- **Material supplied**
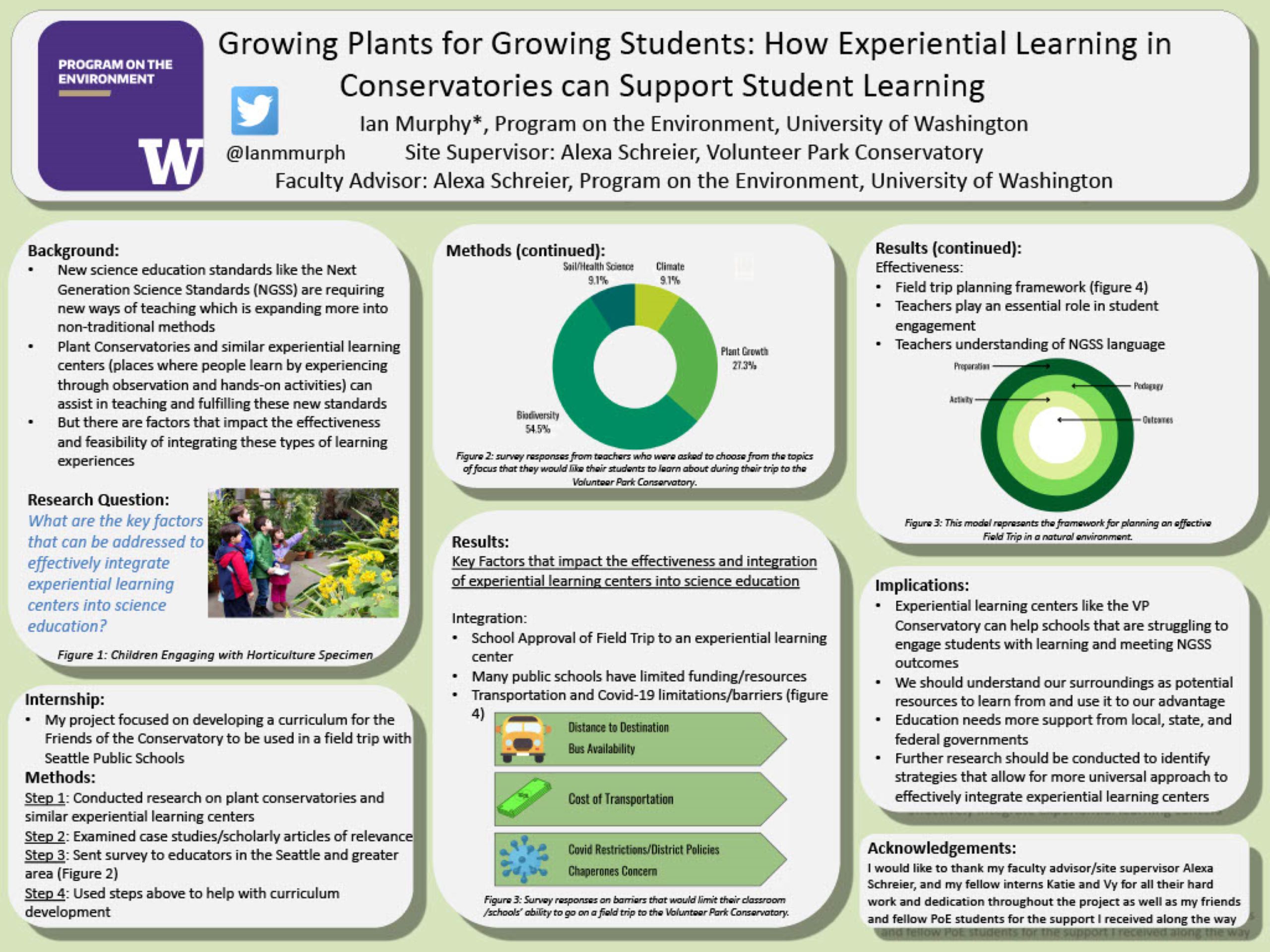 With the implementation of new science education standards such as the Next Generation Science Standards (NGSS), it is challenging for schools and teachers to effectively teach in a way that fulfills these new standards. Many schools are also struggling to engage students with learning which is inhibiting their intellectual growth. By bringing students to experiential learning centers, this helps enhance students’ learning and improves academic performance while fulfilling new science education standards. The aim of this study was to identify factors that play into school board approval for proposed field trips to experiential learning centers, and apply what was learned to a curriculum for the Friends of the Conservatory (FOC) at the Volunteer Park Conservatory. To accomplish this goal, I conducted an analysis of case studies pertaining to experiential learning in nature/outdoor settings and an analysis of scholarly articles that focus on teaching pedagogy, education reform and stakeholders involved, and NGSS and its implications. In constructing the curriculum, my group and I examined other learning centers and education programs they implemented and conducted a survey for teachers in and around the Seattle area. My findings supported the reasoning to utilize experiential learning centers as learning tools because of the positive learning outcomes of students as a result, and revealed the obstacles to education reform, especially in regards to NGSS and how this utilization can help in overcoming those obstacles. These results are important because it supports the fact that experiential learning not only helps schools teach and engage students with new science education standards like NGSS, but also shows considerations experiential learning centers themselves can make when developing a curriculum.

* * *

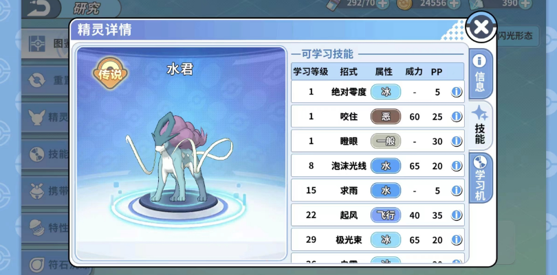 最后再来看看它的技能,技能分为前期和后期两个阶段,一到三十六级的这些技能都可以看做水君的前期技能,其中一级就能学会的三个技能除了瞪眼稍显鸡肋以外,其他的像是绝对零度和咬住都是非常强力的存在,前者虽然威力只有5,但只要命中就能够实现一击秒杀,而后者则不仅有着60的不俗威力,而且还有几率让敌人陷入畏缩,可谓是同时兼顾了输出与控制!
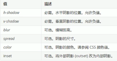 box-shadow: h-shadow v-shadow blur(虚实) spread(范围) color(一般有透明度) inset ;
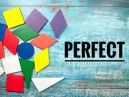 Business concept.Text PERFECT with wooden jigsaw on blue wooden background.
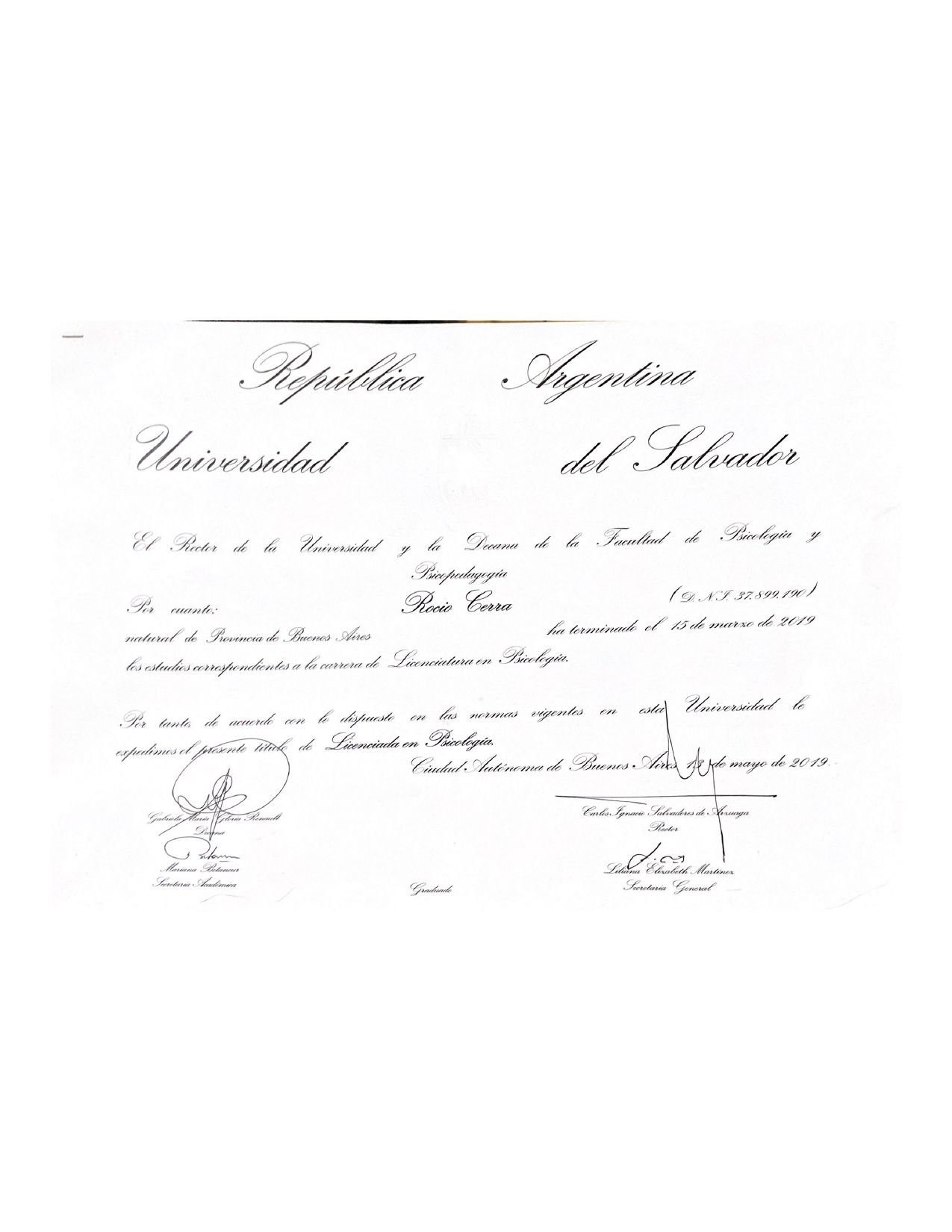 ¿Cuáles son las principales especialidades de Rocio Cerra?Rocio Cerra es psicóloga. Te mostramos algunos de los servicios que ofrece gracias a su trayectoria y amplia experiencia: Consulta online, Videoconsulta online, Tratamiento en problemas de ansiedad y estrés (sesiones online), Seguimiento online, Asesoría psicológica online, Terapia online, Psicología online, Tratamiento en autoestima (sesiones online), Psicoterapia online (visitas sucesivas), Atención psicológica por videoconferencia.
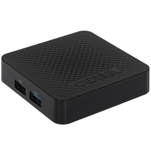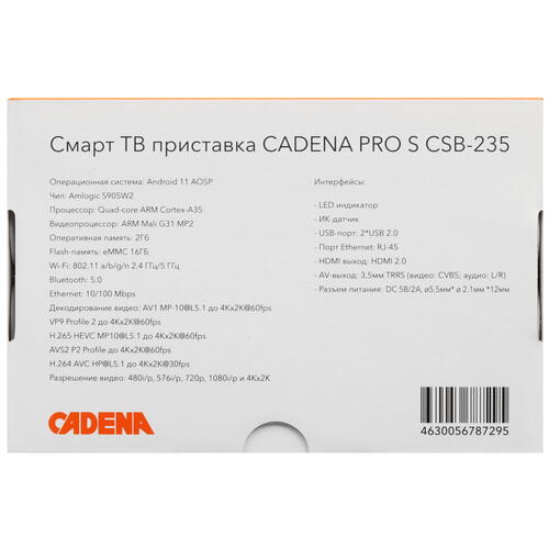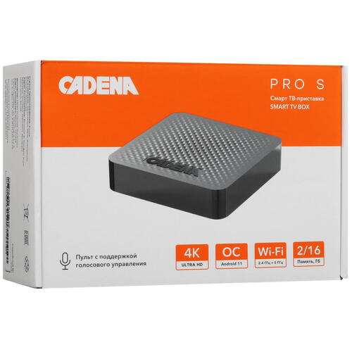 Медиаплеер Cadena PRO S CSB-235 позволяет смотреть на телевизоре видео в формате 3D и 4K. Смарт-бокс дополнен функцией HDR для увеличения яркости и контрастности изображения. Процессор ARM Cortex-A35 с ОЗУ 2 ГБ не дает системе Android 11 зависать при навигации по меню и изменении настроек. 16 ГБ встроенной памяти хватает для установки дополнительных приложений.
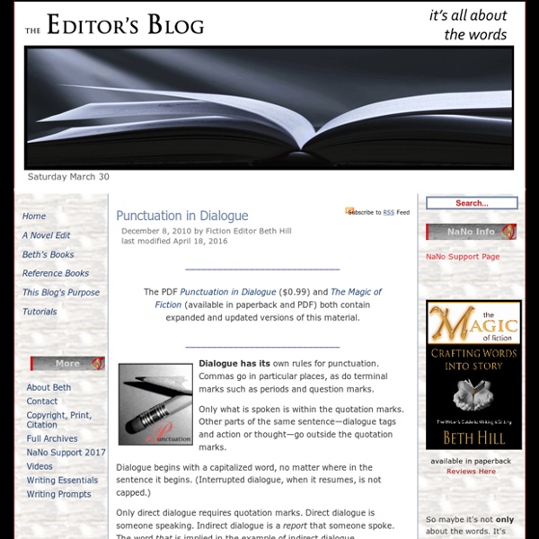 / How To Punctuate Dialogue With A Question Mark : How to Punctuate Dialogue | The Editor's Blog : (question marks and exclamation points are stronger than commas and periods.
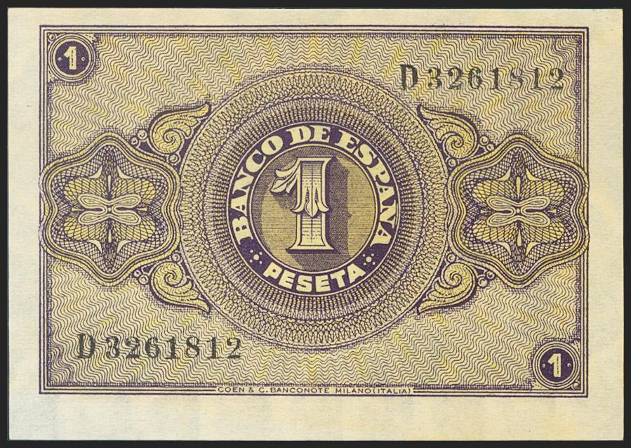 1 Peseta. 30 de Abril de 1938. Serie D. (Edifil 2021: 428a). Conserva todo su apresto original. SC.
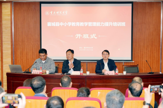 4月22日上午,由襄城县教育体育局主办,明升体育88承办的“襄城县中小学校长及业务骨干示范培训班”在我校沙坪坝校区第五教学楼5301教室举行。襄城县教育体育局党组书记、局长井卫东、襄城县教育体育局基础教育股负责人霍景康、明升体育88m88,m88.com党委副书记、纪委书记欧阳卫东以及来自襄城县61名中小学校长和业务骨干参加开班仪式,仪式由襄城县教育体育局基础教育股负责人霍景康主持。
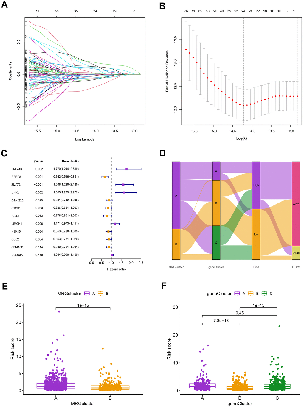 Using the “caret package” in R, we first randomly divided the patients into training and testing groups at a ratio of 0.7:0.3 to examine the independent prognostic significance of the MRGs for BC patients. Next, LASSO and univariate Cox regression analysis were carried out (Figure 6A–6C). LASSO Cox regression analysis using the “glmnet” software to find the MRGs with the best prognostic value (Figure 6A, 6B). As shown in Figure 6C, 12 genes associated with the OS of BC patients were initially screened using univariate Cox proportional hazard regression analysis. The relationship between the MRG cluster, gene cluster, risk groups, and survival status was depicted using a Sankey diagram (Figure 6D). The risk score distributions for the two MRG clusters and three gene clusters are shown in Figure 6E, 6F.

- **Your assignment**
Copy out exactly the material that runs from the line with "1 Peseta. 30" to the line with "Figure 6E, 6F.", ends included, and leave the pictures behind.

- **Task solution**
 1 Peseta. 30 de Abril de 1938. Serie D. (Edifil 2021: 428a). Conserva todo su apresto original. SC.
 4月22日上午,由襄城县教育体育局主办,明升体育88承办的“襄城县中小学校长及业务骨干示范培训班”在我校沙坪坝校区第五教学楼5301教室举行。襄城县教育体育局党组书记、局长井卫东、襄城县教育体育局基础教育股负责人霍景康、明升体育88m88,m88.com党委副书记、纪委书记欧阳卫东以及来自襄城县61名中小学校长和业务骨干参加开班仪式,仪式由襄城县教育体育局基础教育股负责人霍景康主持。
 Using the “caret package” in R, we first randomly divided the patients into training and testing groups at a ratio of 0.7:0.3 to examine the independent prognostic significance of the MRGs for BC patients. Next, LASSO and univariate Cox regression analysis were carried out (Figure 6A–6C). LASSO Cox regression analysis using the “glmnet” software to find the MRGs with the best prognostic value (Figure 6A, 6B). As shown in Figure 6C, 12 genes associated with the OS of BC patients were initially screened using univariate Cox proportional hazard regression analysis. The relationship between the MRG cluster, gene cluster, risk groups, and survival status was depicted using a Sankey diagram (Figure 6D). The risk score distributions for the two MRG clusters and three gene clusters are shown in Figure 6E, 6F.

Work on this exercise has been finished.